Fortunately, although science fiction has not yet fully illuminated reality, it has already revealed a glimmer of light through the cracks in the darkness. In the intersection of artificial intelligence and medical health, more and more researchers have conducted extensive research and developed methods for automatic report generation. These methods can automatically generate draft reports for medical staff to review, modify and refer to.
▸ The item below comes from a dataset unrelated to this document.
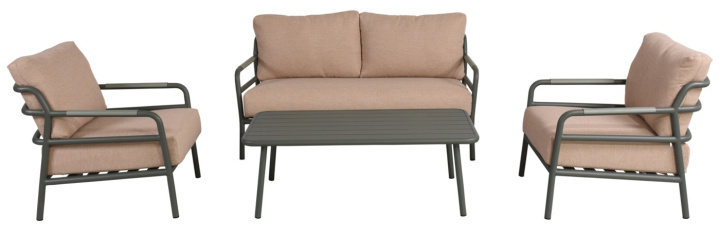 Pipe är en modern och stilren soffgrupp i pulverlackad grön aluminium kombinerat med dynor i vädertåligt olefintyg. Med mjuka vinklar och rundade hörn får soffgruppen ett elegant uttryck. Soffgruppen består av 2-sits soffa, 2 st fåtöljer samt ett bord.
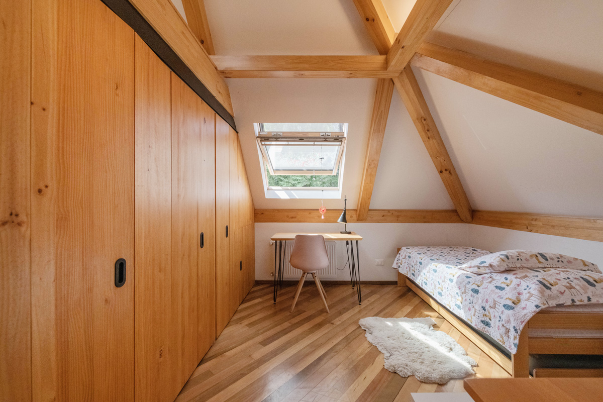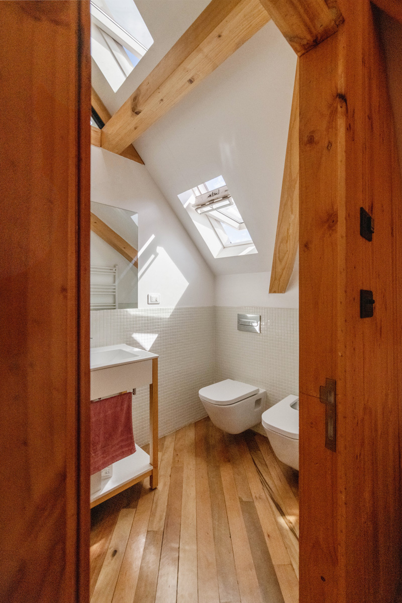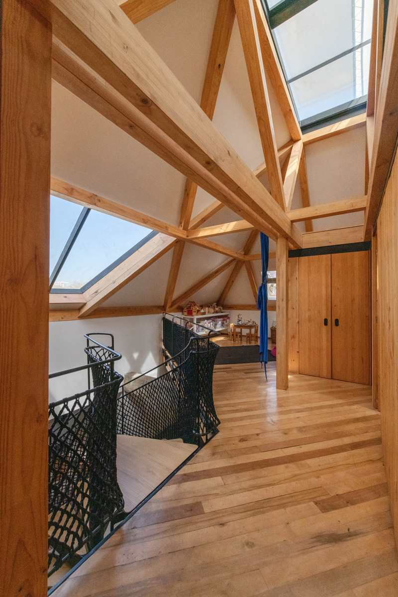 El proyecto privilegió que la luz entre en su mayoría desde la cubierta de la casa a través de lucarnas, con el propósito de repartir la mayor cantidad de iluminación por toda la planta. El cielo es, así, el principal protagonista que marca el transcurso del tiempo con su iluminación natural interior.

On the one hand, they can effectively solve the time-consuming and labor-intensive work tasks of medical staff, and on the other hand, they can reduce the probability of human errors through automation.

Recently, npj Digital Medicine, a journal under the internationally renowned academic journal Nature Portfolio, published a study titled "A multimodal multidomain multilingual medical foundation model for zero shot clinical diagnosis".It mentions a multimodal (image and text), multidomain (CT and CXR), and multilingual (Chinese and English) medical foundation model M³FM (Multimodal Multidomain Multilingual Foundation Model), which can be used for zero-sample clinical diagnosis and support disease reporting and disease classification.The researchers demonstrated the effectiveness of this method on nine benchmark datasets for two infectious and 14 non-communicable diseases, outperforming previous methods.

The study has a luxurious lineup of authors. In addition to teams from Oxford University, University of Rochester, Amazon and other institutions, it also includes Dr. Zheng Yefeng from the Medical Artificial Intelligence Laboratory of Westlake University and Dr. Wu Xian, head of the Tianyan Research Center of Tencent Youtu Lab.

Paper address:
https://www.nature.com/articles/s41746-024-01339-7

The open source project "awesome-ai4s" brings together more than 200 AI4S paper interpretations and provides massive data sets and tools:

https://github.com/hyperai/awesome-ai4s

Data loss is still a pain point for existing methods

Medical imaging is the basis of medical imaging reports and disease classification, and plays an important role in subsequent clinical diagnosis. Therefore, the research on related automation methods has naturally become one of the focuses of scientific research. However, despite the fruitful research results, there are still many deficiencies from a practical perspective.Among them, the scarcity or even complete lack of data is a key challenge.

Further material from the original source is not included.